Ferrous metals are mainly composed of iron and have magnetic properties. Steel, an iron alloy containing carbon, is by far the most-recycled material in the world. Total steel production in 2008 reached 1.3 billion tonnes, of which over 500 million tonnes were made from scrap metal. The most commonly recycled items are scrap from industrial processes, end-of-life products such as containers, vehicles, appliances, industrial machinery and construction materials.

The use of scrap metal has become an integral part of the modern steelmaking industry, improving the industry’s economic viability and reducing environmental impact. Compared to ore extraction, the use of secondary ferrous metals significantly reduces CO2 emissions, energy and water consumption and air pollution. At the same time, the recycling of steel makes more efficient use of the earth’s natural resources.

The most commonly used non-ferrous metals are aluminum, copper, lead, zinc, nickel, titanium, cobalt, chromium and precious metals. Millions of tonnes of nonferrous scrap are recovered annually and used by smelters, refiners, ingot makers, foundries, and other manufacturers. Secondary materials are essential to the industry’s survival because even new metals often require the combined use of recycled materials.

Aluminum, which is the most abundant metal in the earth’s crust, is not surprisingly one of the most recycled materials today, after steel and paper. It is also the only packaging material that completely covers the cost of its own collection and processing at recycling centers. Recovering aluminum for recycling is not only economically viable, but energy efficient and ecologically sound.

Due to the limited availability of these metals, the unrestricted flow of non-ferrous scrap from country to country according to industrial and consumer demand is crucial. BIR has consistently campaigned for the free movement of secondary raw materials to avoid shortages in certain geographical areas and surpluses in others. Import barriers could limit the supply to the manufacturing industry in some countries.

High Temp Alloys
Stainless steel is an iron alloy that contains nickel and chromium to protect it against corrosion and rust. Also known as inox steel, this material is remarkably strong and resistant to high temperatures providing optimum performance under severe environmental and chemical conditions. Stainless steel’s inherent physical properties make it ideal for use in the construction, automotive and transportation sectors. Its versatility also makes it a popular material in household items such as kitchen appliances and cutlery.
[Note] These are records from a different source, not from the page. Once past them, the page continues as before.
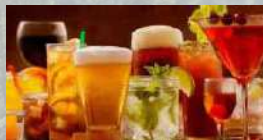
Food/Beverages & FMCG
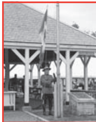
Flag raising ceremony.
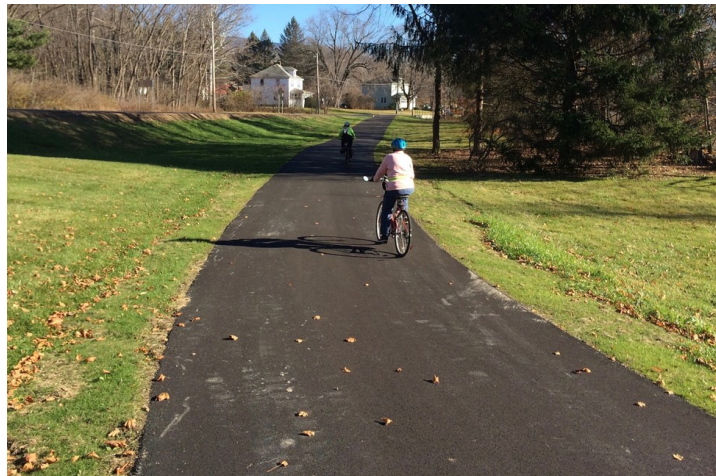
The recently constructed Ninja Bicycle Path Phase I along VT67A in Bennington

Phase II will be a primitive dirt path linking the end of the new paved path to Morse Road. This will allow path users to reach downtown Bennington without traveling on Northside Drive while Phase III, the paved path, is designed, permitted, and constructed. The Town and BCRC recently acquired all property owner permissions and permits necessary to construct Phase II, and we hope to have it open in the spring.
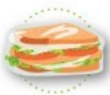
Ziploc & other reclosable food storage bags
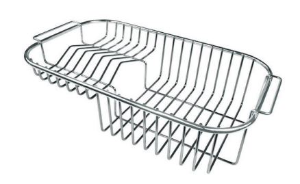
Stainless steel plate rack
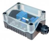
ELTSI-1 Item Number: 1023540000
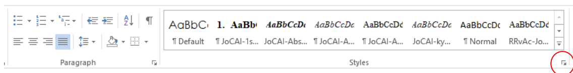
Figure 1. Style Menu in Toolbar

To set the style in whole manuscript, simply use this template and follow the instructions. We provide a number of predefined template styles, which can be accessed quickly and conveniently using the style menu in toolbar (see Figure 1). In order to format a paragraph, authors (writer) can click on the appropriate style name in the style toolbar.

The demand for stainless steel has doubled in the last ten years, with production increasing to more than 25 million tonnes a year. In this context, the recycling industry has become a vital player in providing a stable supply of quality secondary raw material.

Besides nickel and chromium, other major alloying elements used in combination with steel include; molybdenum, titanium, tungsten and vanadium. These metals are scarce and only available in very few parts of the word, which makes extraction costly and difficult. Recycling is therefore essential to avoid depleting the planet’s natural resources.